Причина в том, что оседлый способ существования позволяет индивиду приобретать лишнее имущество и высокий статус, а ни то ни другое практически не встречается в эгалитарных собирательских сообществах. Собственность, в свою очередь, – это способ обеспечить выживание индивиду и его близким. На долгом отрезке человеческой истории обладание избыточной собственностью помогало людям иметь больше детей, хотя в современном обществе связь между богатством и плодовитостью не столь очевидна. Иными словами, оседлость создала совершенно новую среду обитания, к которой люди приспосабливались, вырабатывая новые модели поведения, в том числе спектр интеллектуальных способностей, которые не нужны собирателям-кочевникам.

Собственность, ценность, число, вес, меры, исчислимость, товар, деньги, капитал, экономика – все эти понятия, какими бы естественными они ни казались современному человеку, вряд ли играли сколько-нибудь заметную роль в жизни кочевых собирателей. Могло ли быть так, что современный разум, владеющий абстрактным мышлением, знаковыми системами и письмом, – на самом деле совсем недавнее наше приобретение? Возможно, процесс его формирования «следует считать постепенным, разворачивавшимся в несколько ступеней и этапов и, возможно, параллельно в разных частях мира», – пишет археолог из Кембриджа Колин Ренфрю{161}.

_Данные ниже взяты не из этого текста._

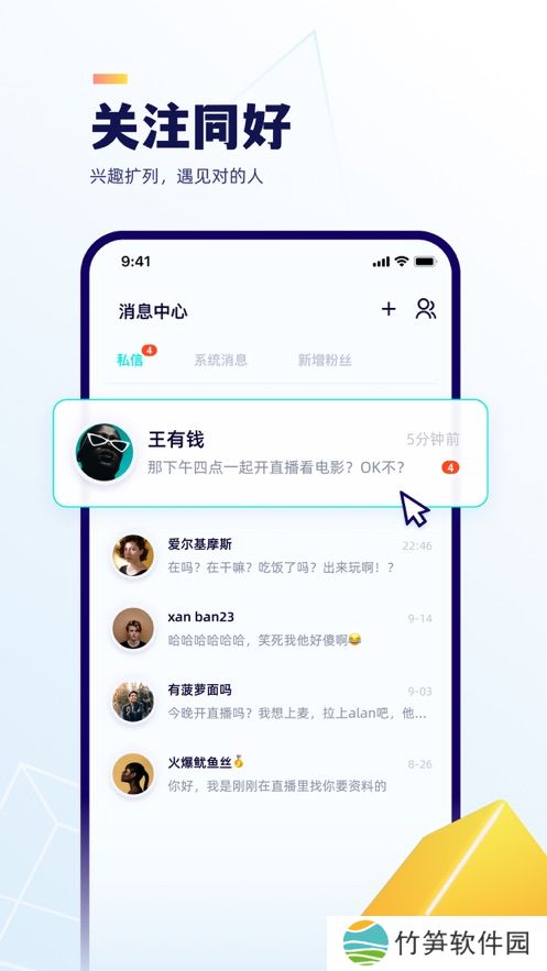 - 以兴趣为基础,以主题为核心,你可以用声音交换热爱;无论是聊童年,梦想,还是旅行,职场,总能遇见经历相似聊伴,开启相见恨晚的聊天;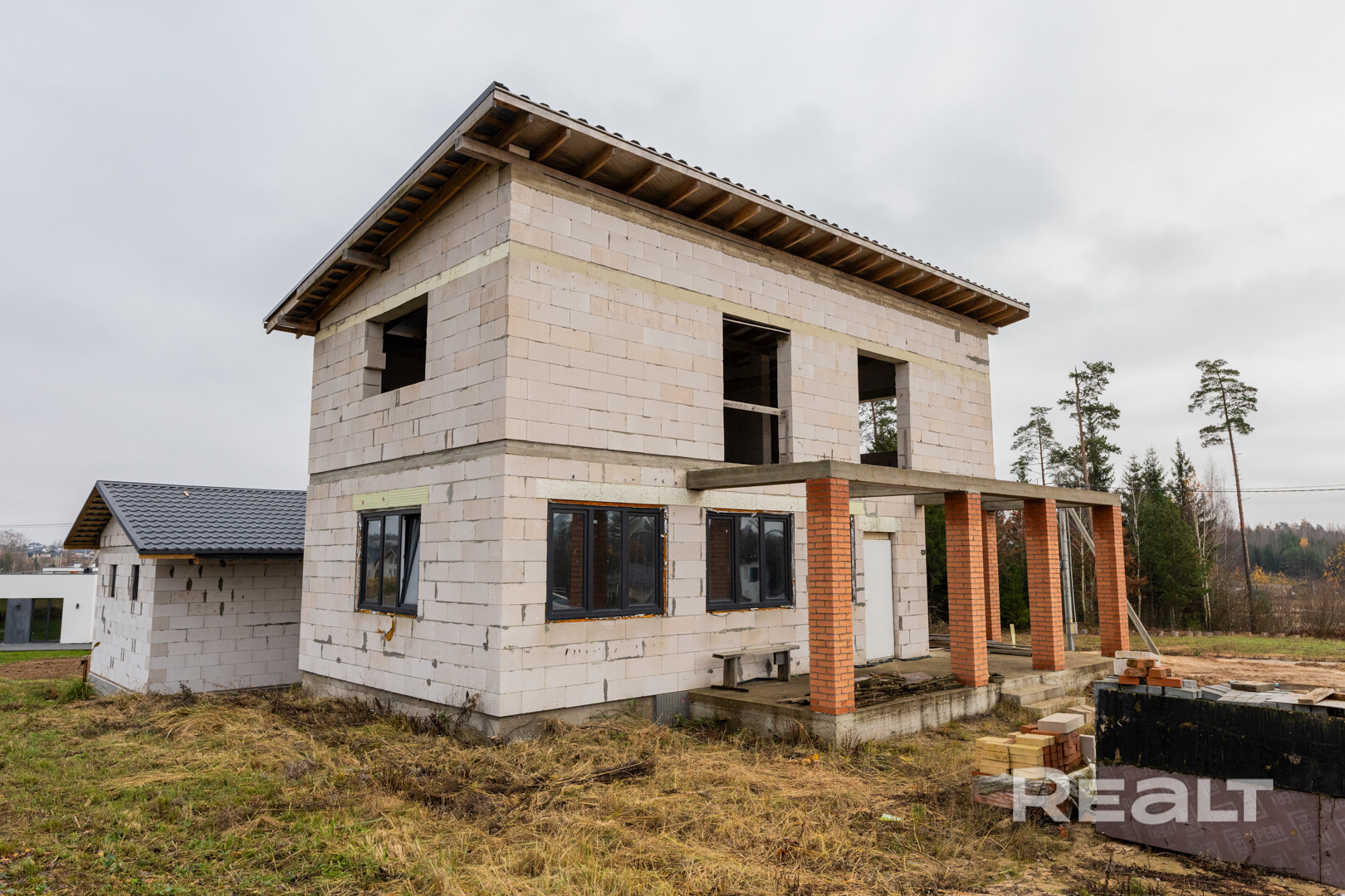 Представляем вам редкий объект с высоким потенциалом – недостроенный современный дом 126 м2 на участке 10 соток в одном из самых перспективных и комфортных коттеджных поселков пригорода Минска – СТ «Стрелец-2014», всего 17 км от города по скоростному Московскому направлению. Это не стандартная дача, а капитальный проект с продуманной архитектурой, надежной конструкцией и ключевыми коммуникациями, уже заведенными на участок. Дом строился не для продажи, а для себя, что сразу чувствуется в качестве исполнения: мощная межэтажная монолитная плита 18 см, которая даст тишину и отсутствие вибраций, просторный первый этаж 9×6 м с высотой потолков 3 м, уже установленными двухкамерными окнами ПВХ и функциональной планировкой под гостиную, санузел и котельную, и второй этаж 12×6 м под стильной односкатной кровлей из металлочерепицы, с высотой потолка от 3,5 до 2,3 м, двумя выходами на балкон площадью 22 м2, где можно реализовать зону отдыха с видом на природу, а также большой террасой 40 м2 для семейных вечеров и барбекю.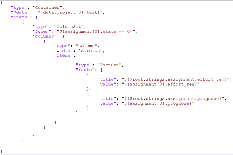 • The templating allows you to build cards in a flexible way. Instead of hard-coding all values, a data object can be referenced in the template, and options like if/else clauses can be used for the context-independent display of data/texts.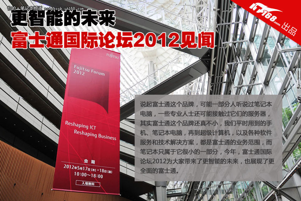 说起富士通这个品牌,可能一部分人听说过笔记本电脑,一些专业人士还可能接触过它们的服务器,其实富士通这个品牌还真不小,我们平时用到的手机、笔记本电脑,再到超级计算机,以及各种软件服务和技术解决方案,都是富士通的业务范围,而笔记本只属于它很小的一部分,今年,富士通国际论坛2012为大家带来了更智能的未来,也展现了更全面的富士通。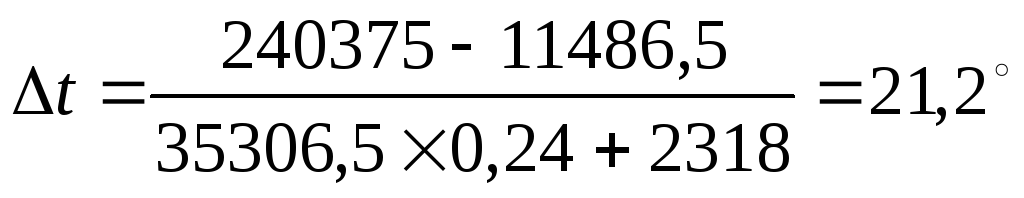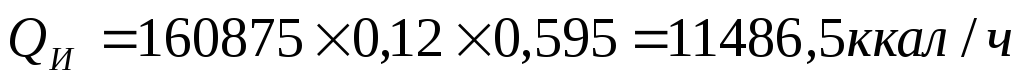 теплопотери на испарение влаги – 11486,5 ккал/ч.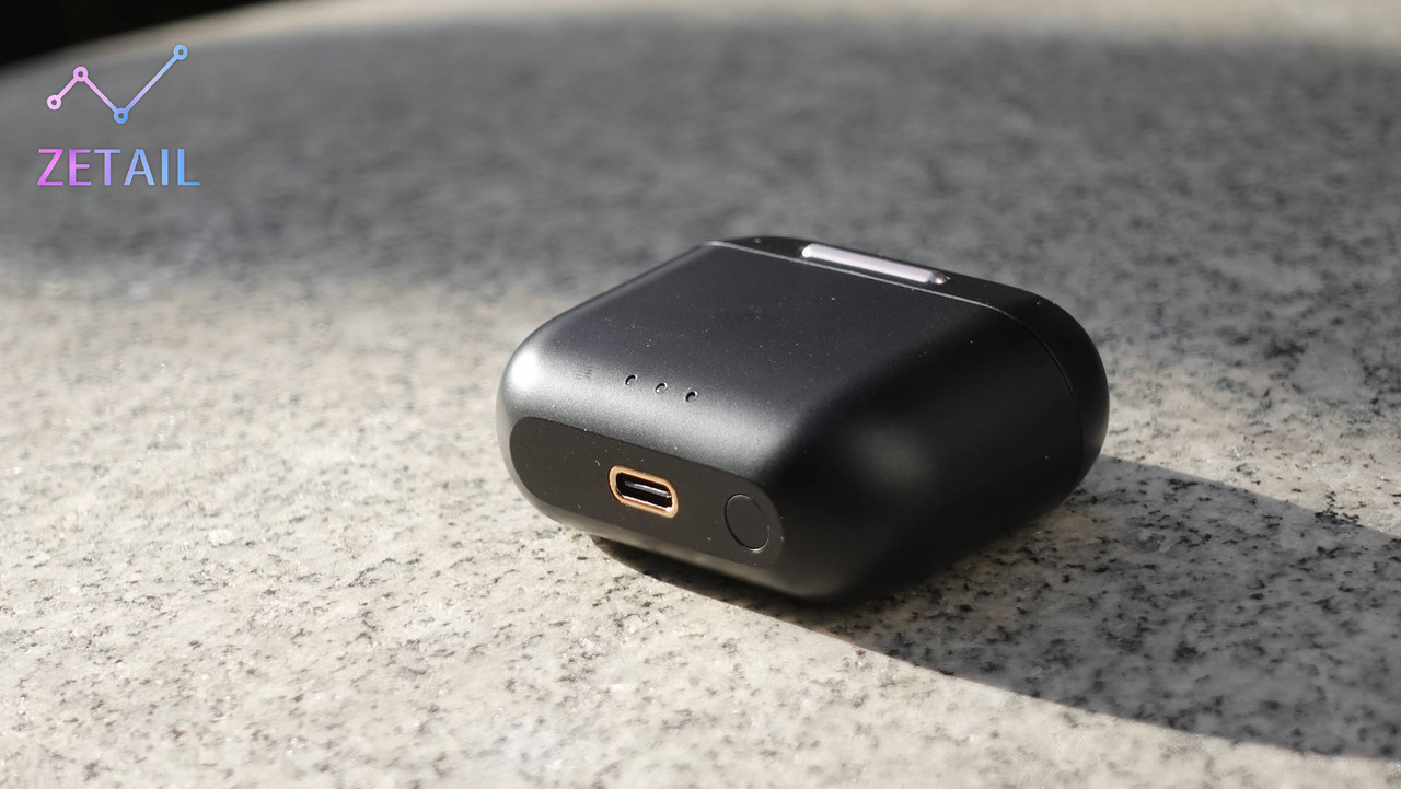 ▲ 充電盒底部有一個 USB Type-C 插槽和多功能按鍵(按一下可以顯示充電盒剩餘電量、長按可以重新配對),而前者的邊緣也有金色的裝飾設計。

Таким образом, по мнению Ренфрю, можно объяснить, почему человеческие сообщества столь долгое время почти не прогрессировали. «Если люди в начале позднего палеолита уже приобрели новые способности к творчеству и новациям, которые свойственны нашему виду, почему они не проявились раньше?» – спрашивает он. Между возникновением прародителей человечества и первыми великими цивилизациями: Вавилоном, Египтом, хараппской цивилизацией в Индии и государством Шан в Китае лежит пропасть в 45 000 лет. Если современные с точки зрения поведения люди сформировались 50 000 лет назад, почему их «современность» так долго не получала практического применения? Ренфрю называет эту паузу «парадоксом мудрости».

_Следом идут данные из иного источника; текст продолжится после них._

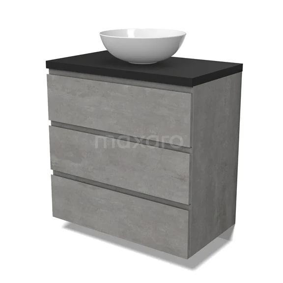 Modulo Plato Badmöbel mit Aufsatzwaschbecken | 80 cm Hellgrauer Beton Grifflos front Matt Schwarz blatt 3 Schubladen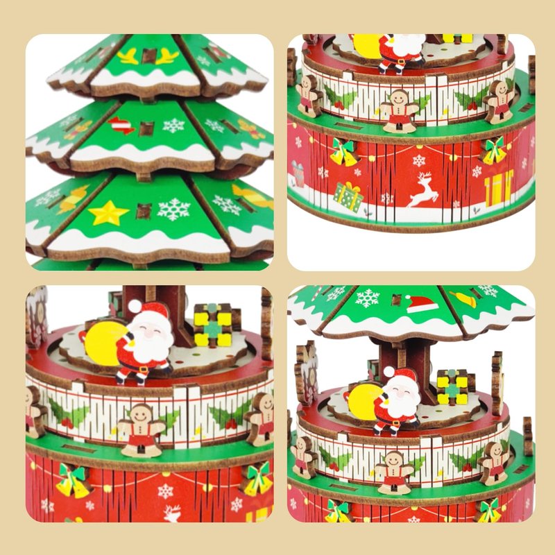 - wooden puzzle music box, colorful buildings, music playing and turning the Christmas tree, Santa Claus, interaction with animals, making it really spin, providing a wonderful intimate experience when children assemble it with their parents or friends.
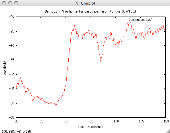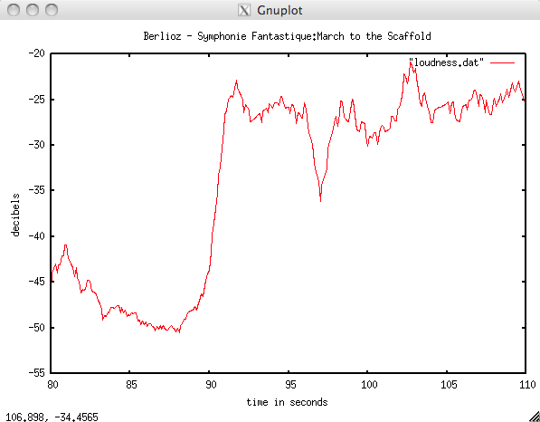 Update: @han wondered how well the dramatic detector faired on Romantic-era music. Here’s a plot for Berlioz’s Symphony Fantastique: March to the Scaffold: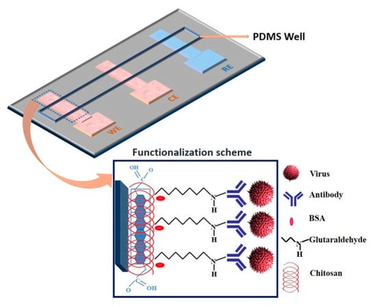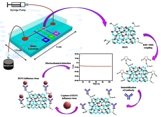 - Singh, R.; Hong, S.; Jang, J. Label-free detection of influenza viruses using a reduced graphene oxide-based electrochemical immunosensor integrated with a microfluidic platform. Sci. Rep. 2017, 7, 42771. [Google Scholar] [CrossRef]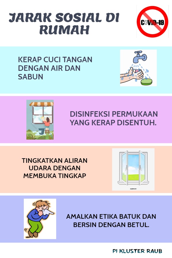 JARAK SOSIAL DI RUMAH: 1. KERAP CUCI TANGAN DENGAN AIR SABUN 2.DISINFEKSI SETIAP PERMUKAAN YANG KERAP DISENTUH 3. TINGKATKAN ALIRAN UDARA DENGAN MEMBUKA TINGKAP 4. AMALKAN ETIKA BATUK DAN BERSIN DENGAN BETUL

Одно из возможных объяснений: сначала социальное поведение человека должно было претерпеть определенную эволюцию. Тогда становится понятным, почему до утверждения оседлости сменилось так много поколений. Адаптация, обеспеченная рядом изменений в генах, обусловливала новые формы поведения, которые подготовили людей к жизни крупными сообществами, к сосуществованию без постоянной вражды и к принятию иерархий и вождей. Это первое изменение – снижение агрессии – создавало новую среду обитания для оседлого сообщества, что, в свою очередь, запустило бы процесс дальнейшей адаптации, в том числе дальнейшее развитие интеллектуальных способностей.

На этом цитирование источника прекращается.